Re: Thou shalt have no other gods before the ANSI C standard

From: Trevor L. Jackson, III (tlj3_at_comcast.net)
Date: 02/27/05


Date: Sun, 27 Feb 2005 15:32:07 -0500

jmfbahciv@aol.com wrote:

> In article <hoWdnUarUOeZK4PfRVn-qA@comcast.com>,
> "Trevor L. Jackson, III" <tlj3@comcast.net> wrote:
>
>>David Wagner wrote:
>
> <snip>
>
>>The first experiment of which I am aware occurred at a university (I'd
>>like to provide a reference, but this was almost 30 years go). They
>>measured the productivity of their CS students on a standardized
>>development project. The project was small, but certainly not trivial.
>> The students were not beginners, but had enough coding experience that
>>the project was not supposed to be a learning experience. It was
>>supposed to be an execution test. The results showed a factor of 200 in
>>productivity rates across the student population. (Now I need to go find
>>the reference because there was something interesting about the
>>distribution of the productivity ratios, but I don't remember what it
>
> was).
>
> [poking emoticon here] I'm interested.

I haven't found it yet, but I did remember parts of it. The
distribution was lumpy. One lump was small, < 20%, but represented
students who took a huge amount of time to complete the task, and thus
represented a very low productivity.

Apparently academic curricula emphasize correctness over personal
performance (an approach I support). But some of the testers ocmments
led me to believe that they were surprised about some of the people who
just were not productive at all.

Another, smaller lump was essentially off-the-chart, and represented a
tail for whch the test was not meaningful. Those two subsamples
accounted for the extreme width of the ratio.

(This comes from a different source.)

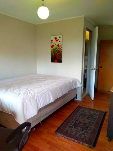 Se arrienda habitación con baño privado, El valor de arriendo para una persona es de $300.000.- y para pareja es de $390.000.- El Canon de arriendo Incluye; servicios básicos (Luz, agua y gas), uso de lavadora y Wi-Fi. Se comparte; cocina equipada, sala de estar, terraza amoblada., casi 700 mts de jardín y una hermosa vista panorámica de Santiago. Cuenta con portón automático. Estacionamiento según disponibilidad. Está ubicada en Alto Peñalolén a 300 mts. de Universidad SEK y a 1000 mts., de Universidad Adolfo Ibáñez.

The central lump was uninteresting except that it had not idetifiable
mode od peak, being a quite noisy plateau with some foothills. The
commentary indicated that this was attributable to the small sample
(<100 IIRC).

I think the source may have been a Canadian school. Still don't have it
in hand.

>
> <snip>
>
>>>And I suspect the security community could benefit from placing more
>>>effort on measurement.
>>
>>Definitely. But there's this tiny little problem: what are the units by
>>which we measure (in)security? I've asked this question before.
>
>
> This isn't going to help w.r.t. security but we used a swear metric.
> If your users are swearing a lot then you've got lots of work left
> to do. Computers can make grey-haired, church-going ladies, who
> have never sworn in their lives, become raving maniacs with a
> vocabulary of longshoremen.

How to handle cursing users: Immediate action necessary. Visit their
cubicle and ask them, in a humorous tone to tell you how they _really_
feel. If that gets a chuckle, deal with the actual software problems.
It if trigers even more ranting consider it cathartic ventilation and
schedule a (later) time to review the problems. If it triggers sudden
silence with a fixed stare at you, back slowly out of the subicle, flee
to your office, send the person email giving them tomorrow off, and
consider assigning their responsibilites to someone else.

Minds can be damaged and sometimes broken by bad software. It happens
in usability labs on a regular basis.